WHAT YOU SHOULD DO | Reproduce from the records below, with no pictures, exactly the lines between the one containing "Capricorn 21 |" and the one containing "Az uniszex prémium", inclusive.

RECORDS |
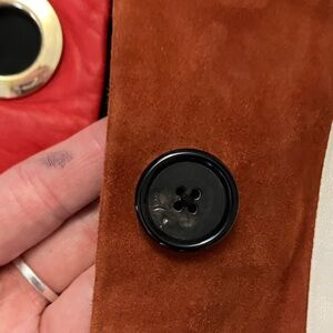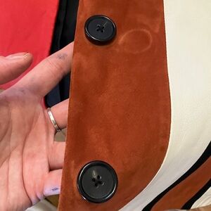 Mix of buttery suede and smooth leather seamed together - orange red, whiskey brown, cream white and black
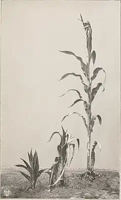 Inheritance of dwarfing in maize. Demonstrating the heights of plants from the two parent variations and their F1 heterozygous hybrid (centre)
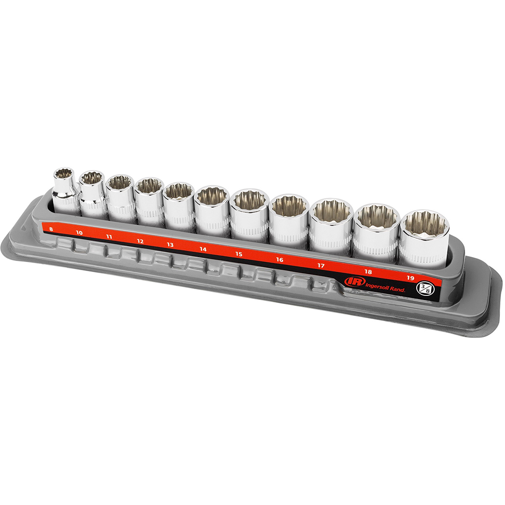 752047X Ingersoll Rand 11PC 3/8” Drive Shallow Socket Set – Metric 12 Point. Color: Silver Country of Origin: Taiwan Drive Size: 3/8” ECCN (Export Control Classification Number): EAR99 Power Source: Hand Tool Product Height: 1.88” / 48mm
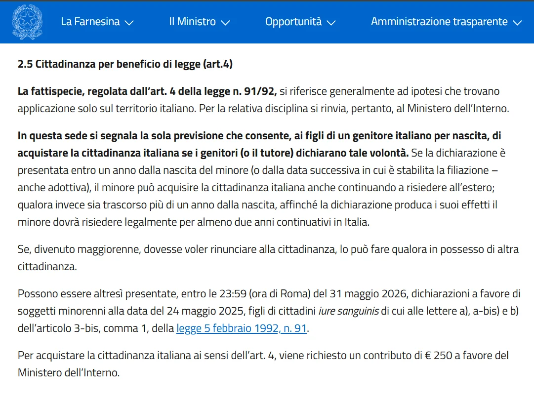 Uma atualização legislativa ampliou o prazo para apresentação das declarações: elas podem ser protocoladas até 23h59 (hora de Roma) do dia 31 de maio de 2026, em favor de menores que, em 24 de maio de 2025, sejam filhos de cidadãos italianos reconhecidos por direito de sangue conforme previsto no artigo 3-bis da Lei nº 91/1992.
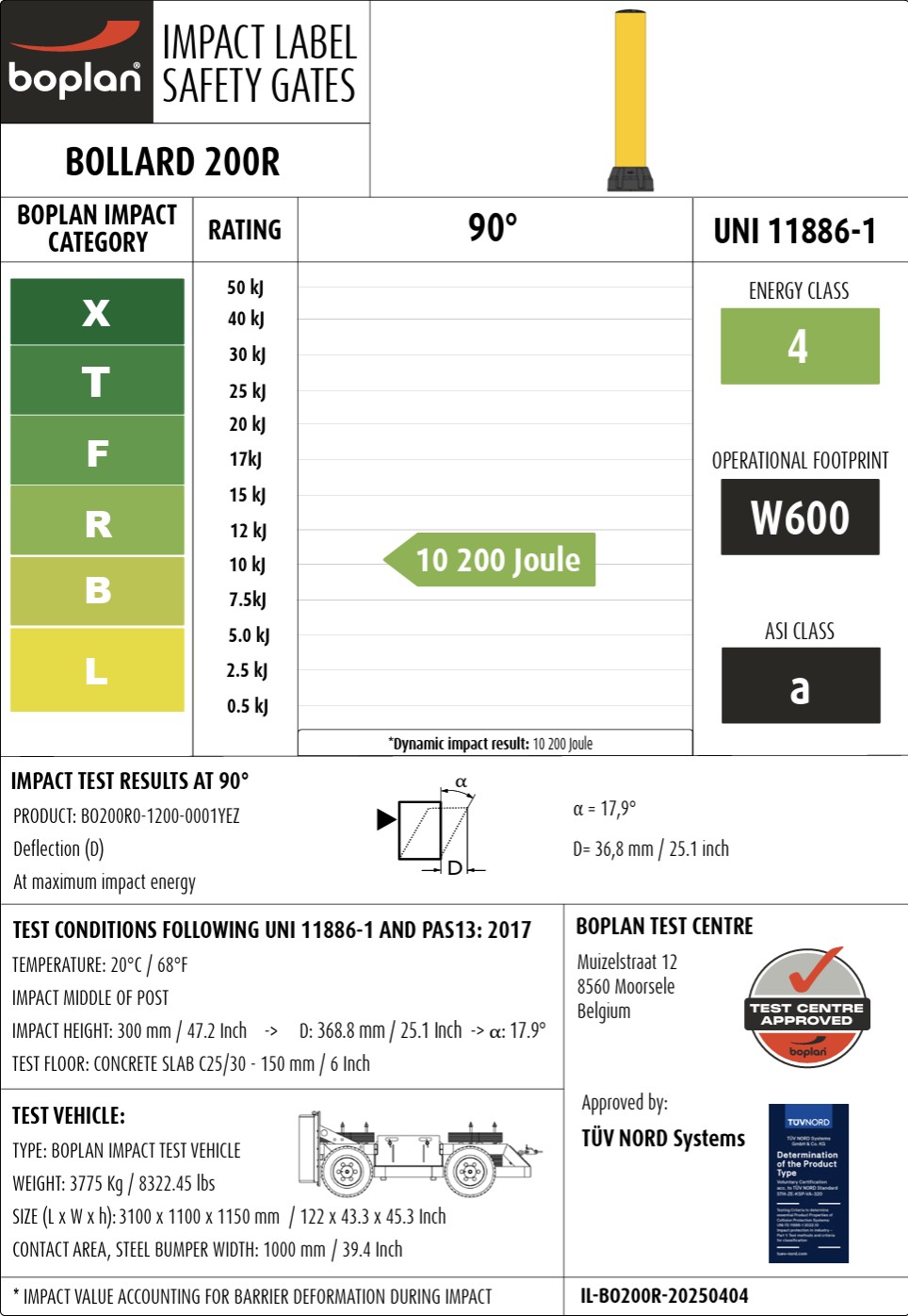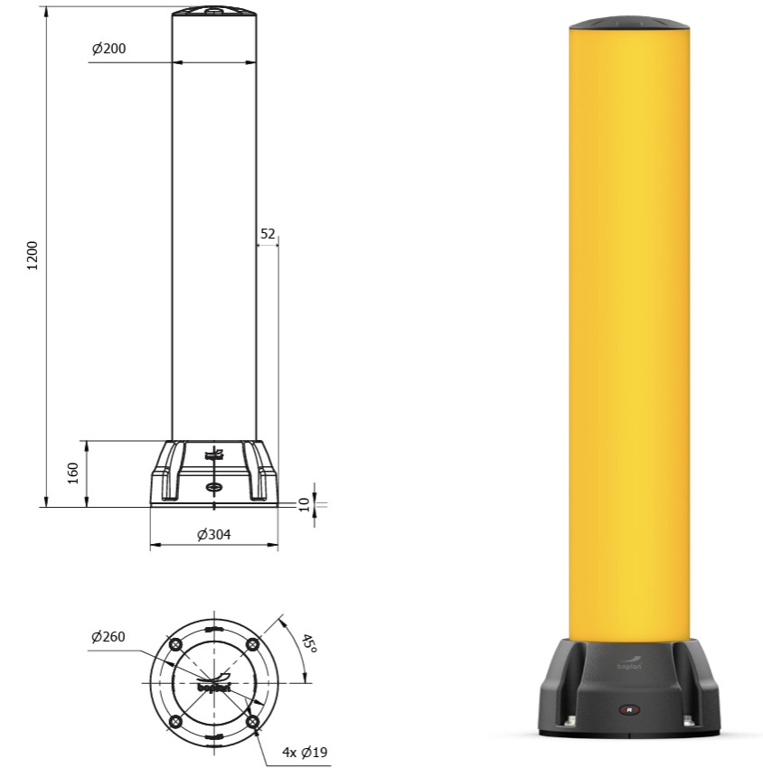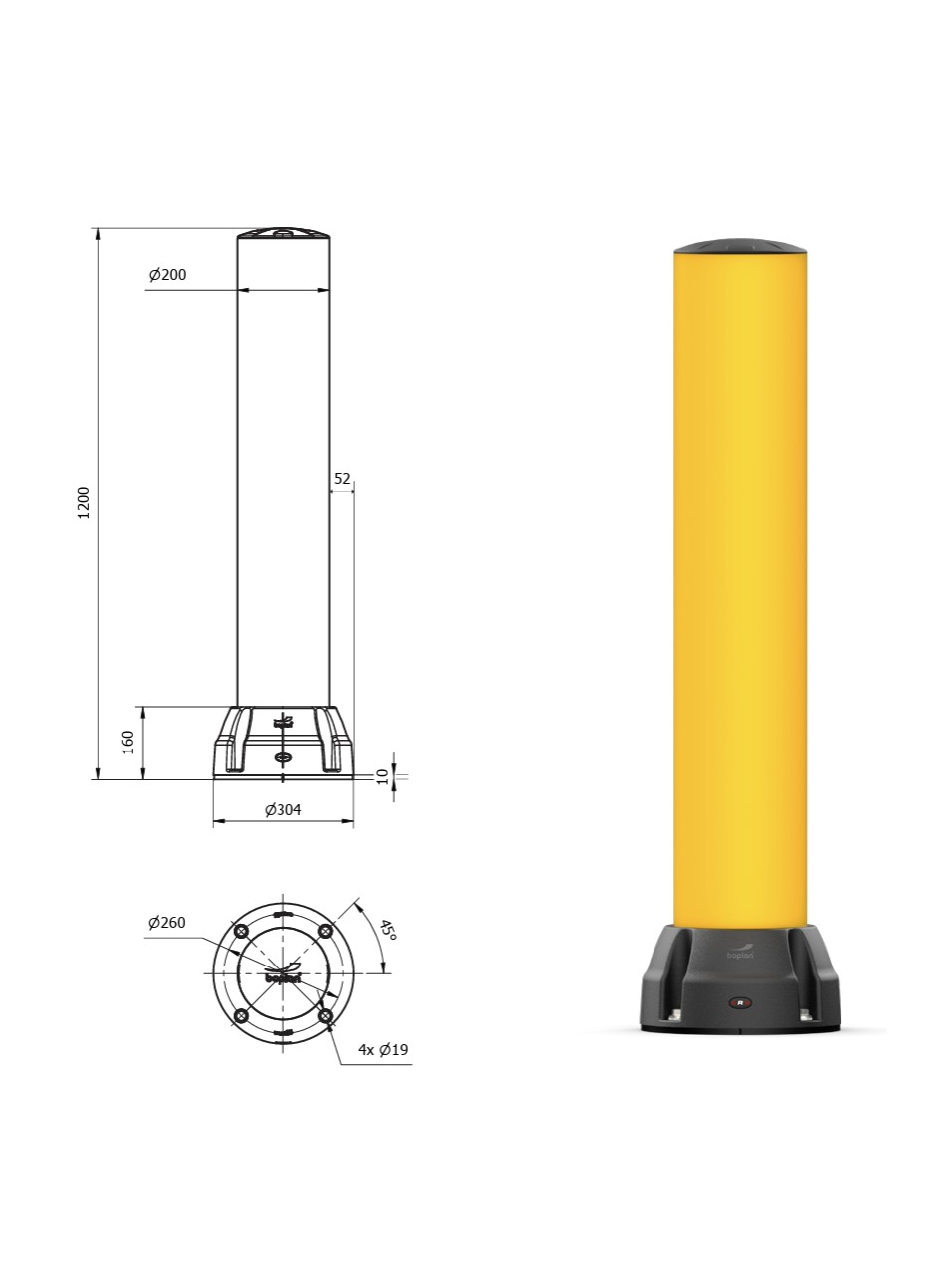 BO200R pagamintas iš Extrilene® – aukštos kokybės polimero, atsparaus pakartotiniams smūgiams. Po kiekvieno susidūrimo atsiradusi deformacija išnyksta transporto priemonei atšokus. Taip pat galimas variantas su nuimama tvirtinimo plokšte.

---

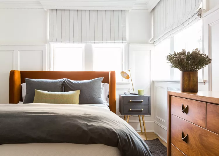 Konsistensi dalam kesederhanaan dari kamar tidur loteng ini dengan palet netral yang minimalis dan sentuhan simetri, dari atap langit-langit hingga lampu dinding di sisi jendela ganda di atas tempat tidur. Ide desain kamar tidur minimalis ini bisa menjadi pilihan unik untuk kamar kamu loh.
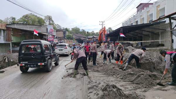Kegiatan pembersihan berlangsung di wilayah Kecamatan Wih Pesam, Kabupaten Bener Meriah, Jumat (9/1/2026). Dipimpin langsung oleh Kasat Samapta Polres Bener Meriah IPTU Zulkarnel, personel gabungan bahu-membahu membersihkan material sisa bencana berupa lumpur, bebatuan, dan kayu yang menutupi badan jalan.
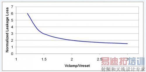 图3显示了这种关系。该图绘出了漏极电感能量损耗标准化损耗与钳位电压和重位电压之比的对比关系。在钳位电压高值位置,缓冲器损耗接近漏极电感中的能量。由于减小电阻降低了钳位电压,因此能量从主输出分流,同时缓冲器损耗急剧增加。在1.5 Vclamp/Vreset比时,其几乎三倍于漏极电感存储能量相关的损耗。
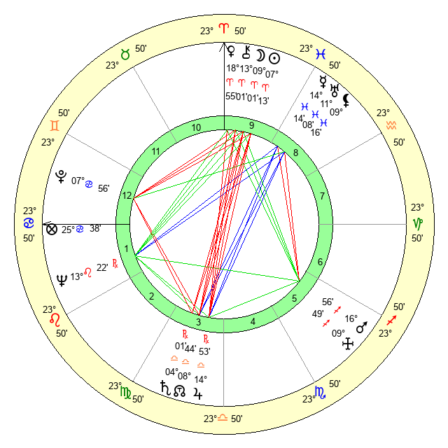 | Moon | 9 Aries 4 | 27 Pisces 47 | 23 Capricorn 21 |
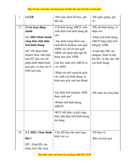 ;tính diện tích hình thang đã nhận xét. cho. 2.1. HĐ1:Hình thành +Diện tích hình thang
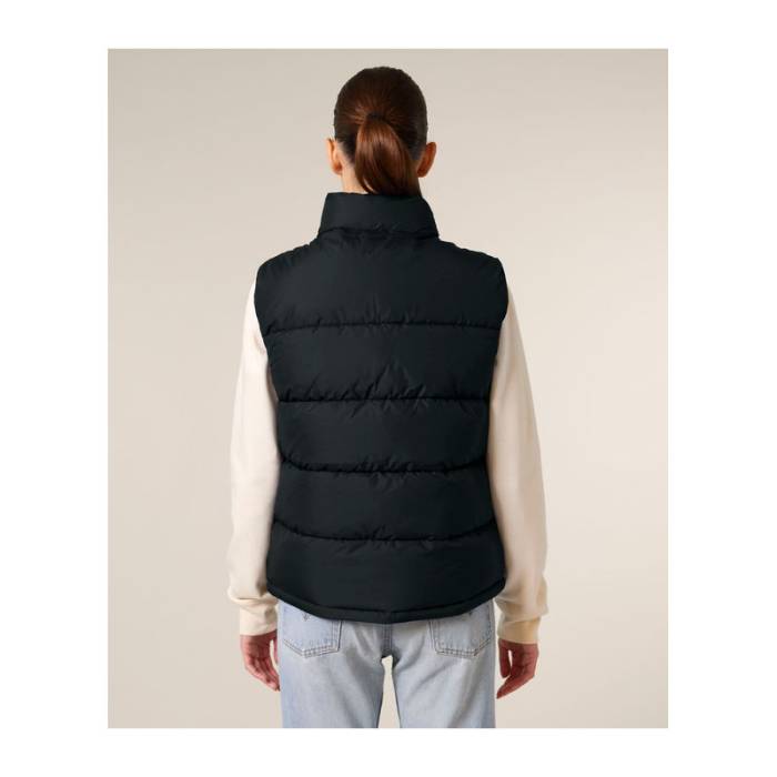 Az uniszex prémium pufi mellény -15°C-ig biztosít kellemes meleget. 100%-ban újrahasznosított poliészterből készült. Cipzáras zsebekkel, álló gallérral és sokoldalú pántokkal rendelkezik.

---

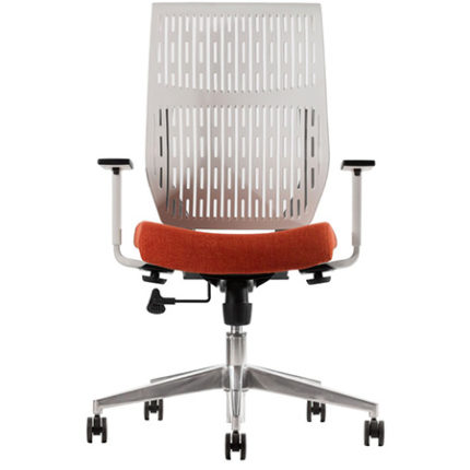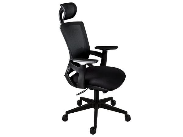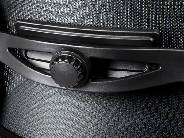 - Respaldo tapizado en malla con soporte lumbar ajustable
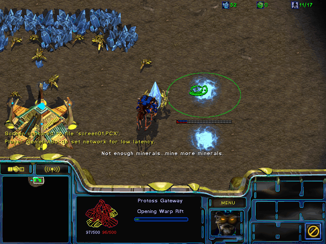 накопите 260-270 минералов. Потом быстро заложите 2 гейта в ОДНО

SOLUTION |
 | Moon | 9 Aries 4 | 27 Pisces 47 | 23 Capricorn 21 |
 ;tính diện tích hình thang đã nhận xét. cho. 2.1. HĐ1:Hình thành +Diện tích hình thang
 Az uniszex prémium pufi mellény -15°C-ig biztosít kellemes meleget. 100%-ban újrahasznosított poliészterből készült. Cipzáras zsebekkel, álló gallérral és sokoldalú pántokkal rendelkezik.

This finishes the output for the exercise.